(Your assignment): Beginning with the line containing "a echarpe rosa", transcribe every line exactly down to the last one in the records below, and drop the pictures.

(Input records):
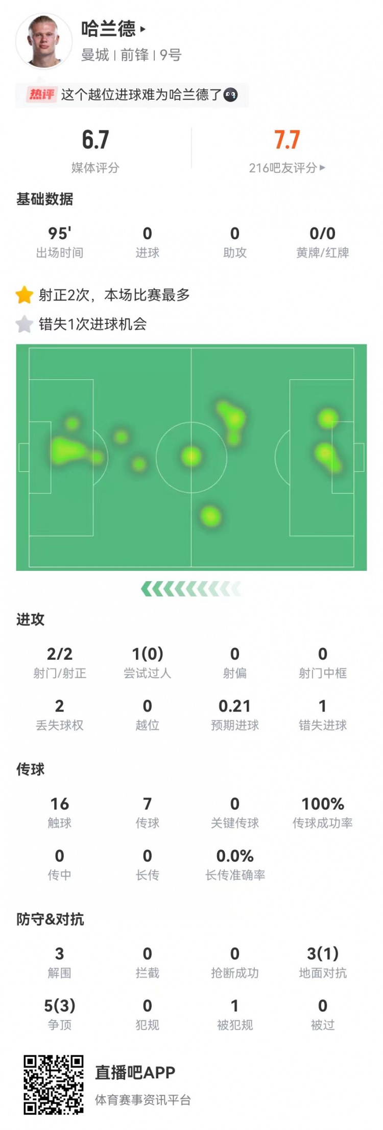 10月27日讯 曼城在本轮英超焦点战0-1不敌维拉,哈兰德本场数据如下:
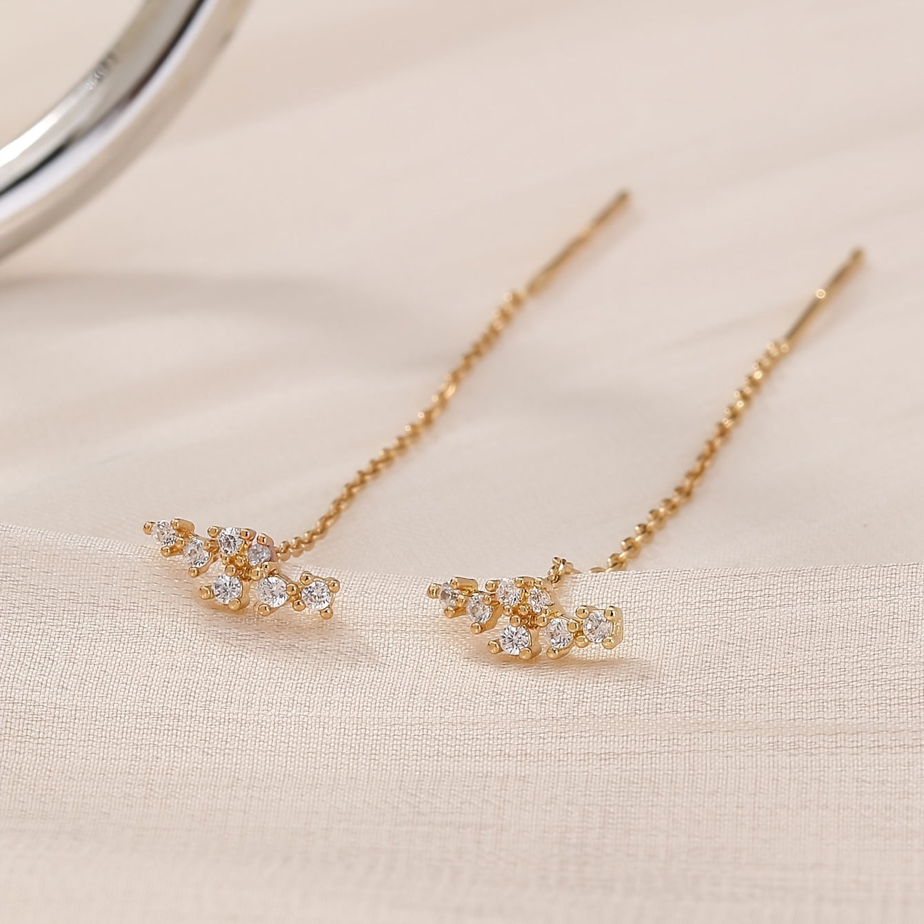 Add a touch of glamour with these elegant zircon tassel threader earrings. Perfect for any occasion!
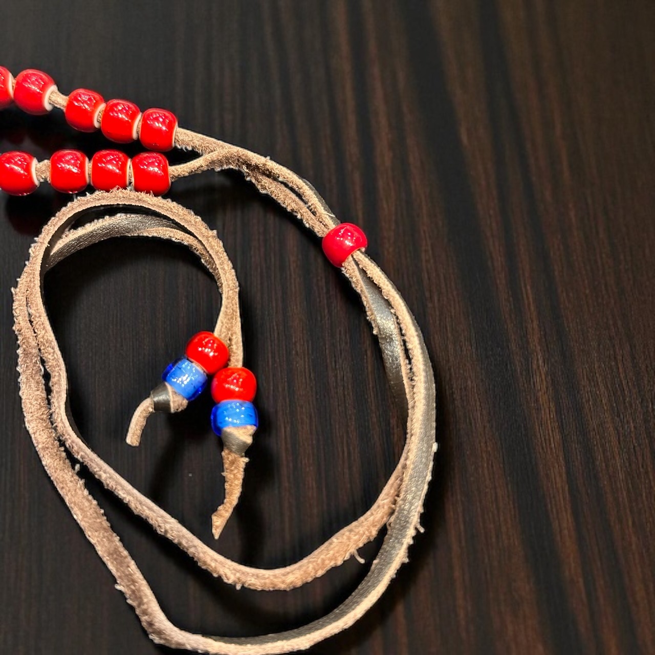 レッドとブルーのビーズがアクセントになっており、1本で存在感抜群!
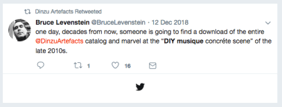 Although Dinzu is primarily a tape label, making it easy and affordable to collect, McKay is interested in formal experimentation taking the label in new directions, and some 10″ lathe cuts are currently planned for the not too distant future. As you might expect from a label with “artefacts” attached, McKay has a soft spot for collecting, and this is reflected in the attention given to Dinzu’s art and packaging. While each tape is limited to a relatively small edition, all of the Dinzu releases are accompanied by a digital download code and can be streamed at Bandcamp.
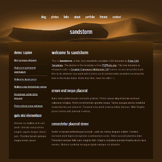 A dusty, desert-inspired design. Two columns, brown/orange color scheme.
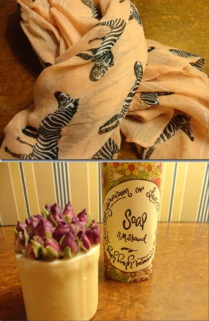 a echarpe rosa de girafas e os sabonetinhos artesanais de flores (um mimo!)
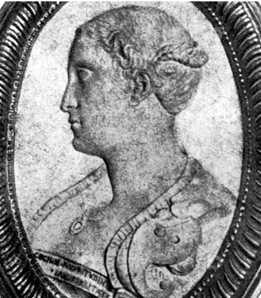 Francesca Caccini’yi gösteren bir madalyon. Sol alttaki ibare “Cechine Pulchritudinis Immortalituti” (Ebedi mükemmelliğin Cechine’si).

(Response to the task):
 a echarpe rosa de girafas e os sabonetinhos artesanais de flores (um mimo!)
 Francesca Caccini’yi gösteren bir madalyon. Sol alttaki ibare “Cechine Pulchritudinis Immortalituti” (Ebedi mükemmelliğin Cechine’si).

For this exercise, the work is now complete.